Est-ce que le neuroblastome surrénalien, ce cancer qui touche les enfants de moins de 6 ans, est une maladie fréquente en Tunisie ?

 
Cette maladie touche  les enfants de 0 à 6 ans. Imrane  va bientôt avoir ses 3 ans, Taïma (peut-être notre futur cas) a 6 ans. En effet, quand on a commencé l’opération avec Imrane,  on a parlé de 10 cas. Malheureusement l’un d’entre eux est décédé. Il reste donc 9. Et pourtant les politiques tunisiens ne font rien pour sauver ces gamins.

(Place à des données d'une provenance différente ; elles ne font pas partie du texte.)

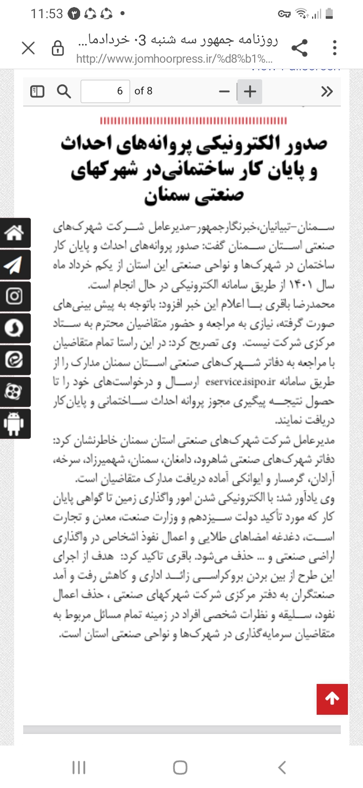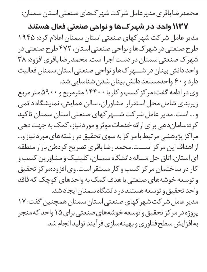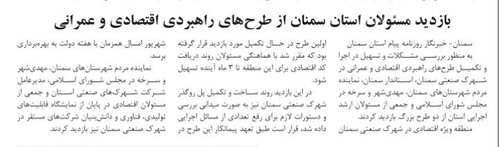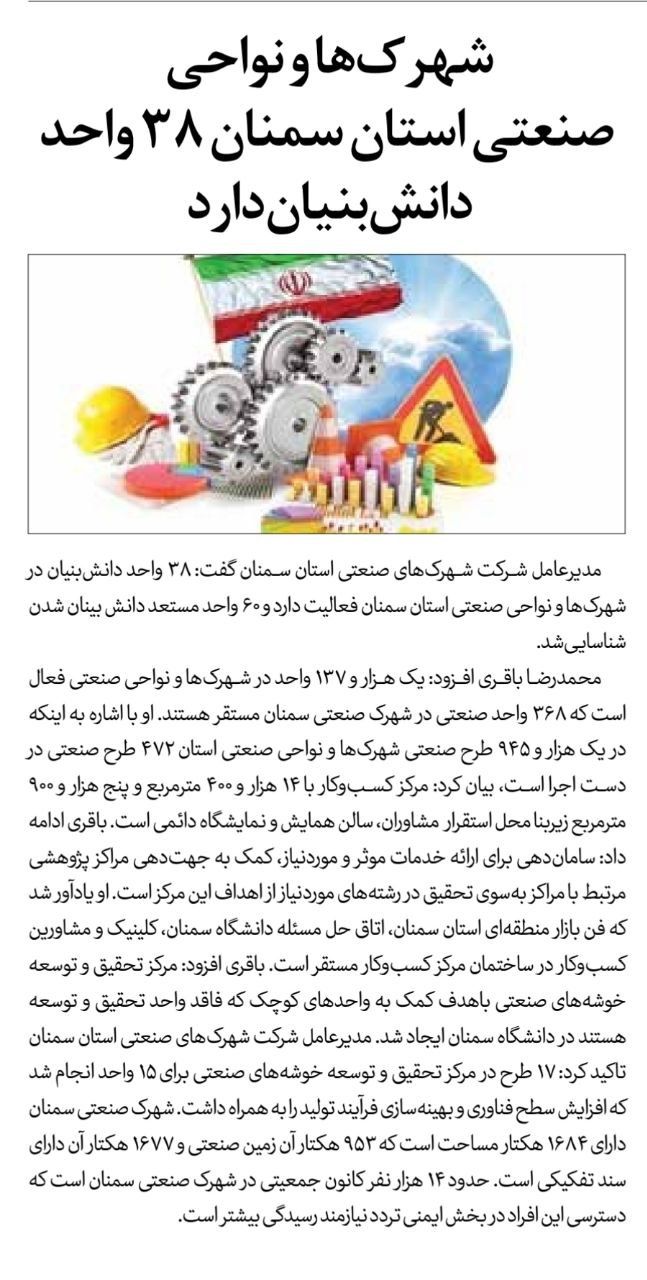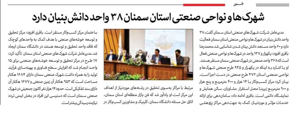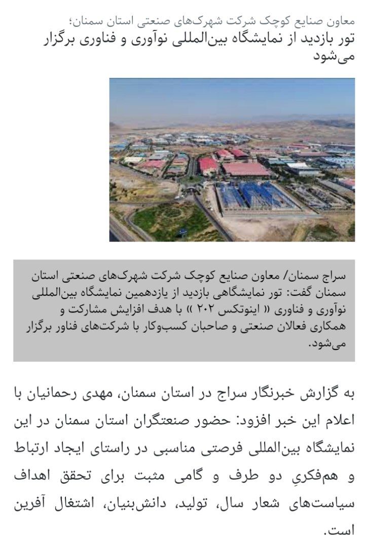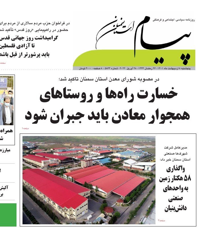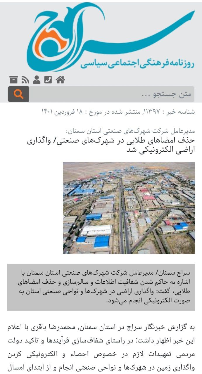 شركت شهرك‌هاي صنعتي استان سمنان در آينه رسانه/ فروردين و ارديبهشت 1401
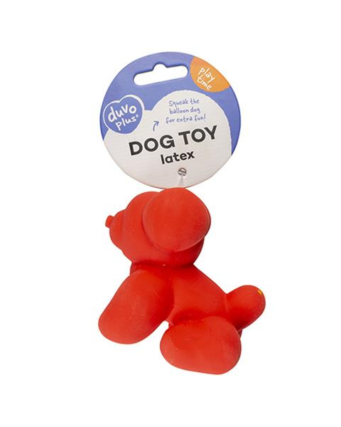 Hračka DUVO+ latexový balón mopslík, pískajúci, červený 9,5x6x8,5 cm
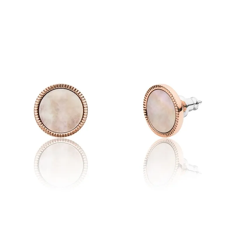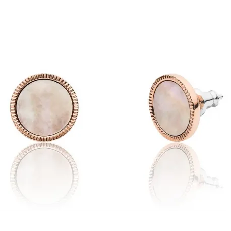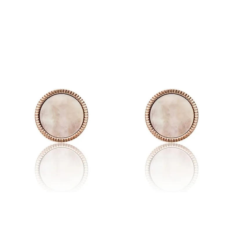 Pendientes de acero chapado en oro rosa con nácar (madre perla) interior. Diámetro aproximado de 10mm.
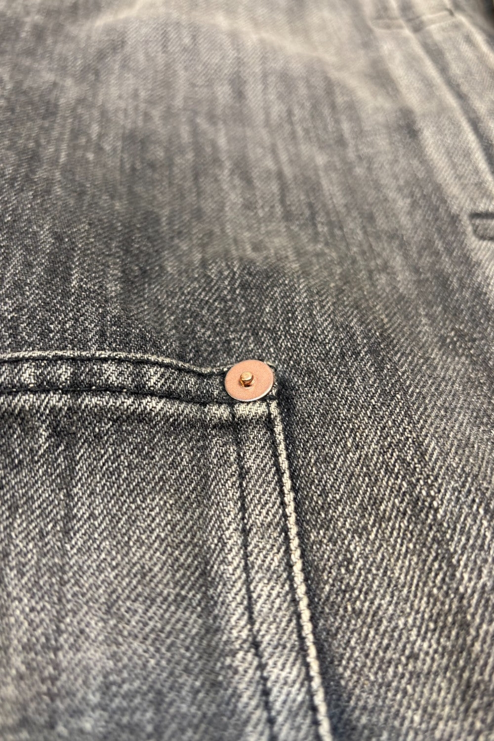 タックボタンは鉄製の無塗装で、リベットは鉄製の銅メッキになっており、両者共に徐々に錆びて行く為、独特な風合いとルックスに育ちます。

Normalement, à partir du moment où tes enfants sont malades tu fais le maximum pour qu’ils guérissent. La Tunisie doit faire de même avec ses enfants. Il faut rappeler dans ce sens qu’on est aujourd’hui sur des maladies qui sont guérissables, le traitement existe, il est connu.

Qu’avez-vous retenu de cette expérience ?

Imrane nous a fait découvrir un état sanitaire très déplorable en Tunisie. Comment peut-on  imaginer qu’on utilise ‘’un rideau de douche’’ pour séparer deux lits de malades cancéreux. Le gamin qui a un cancer, s'il ne fait pas sa douche correctement comment il va faire sa chimio ? Comment il va être soigné ?

Nos malades ont besoin d’un traitement adéquat, d’une hygiène, de respect et d’un service de qualité.L’état déplorable des hôpitaux tunisiens est scandaleux.Néanmoins, cette expérience nous a montré que nous avons malgré tout de bons médecins.  Ils sont tous biens formés mais ce qui les handicape, ce sont les moyens et surtout la volonté politique.

Pour finir, je dois féliciter et remercier tous ces gens qui ont aidé Imrane, qui ont répondu à l’appel et ont fait preuve d’une mobilisation remarquable. Je dis bravo à eux. Je dis chapeau au peuple tunisien, et aux médias comme vous qui n’ont pas hésité à communiquer nos informations.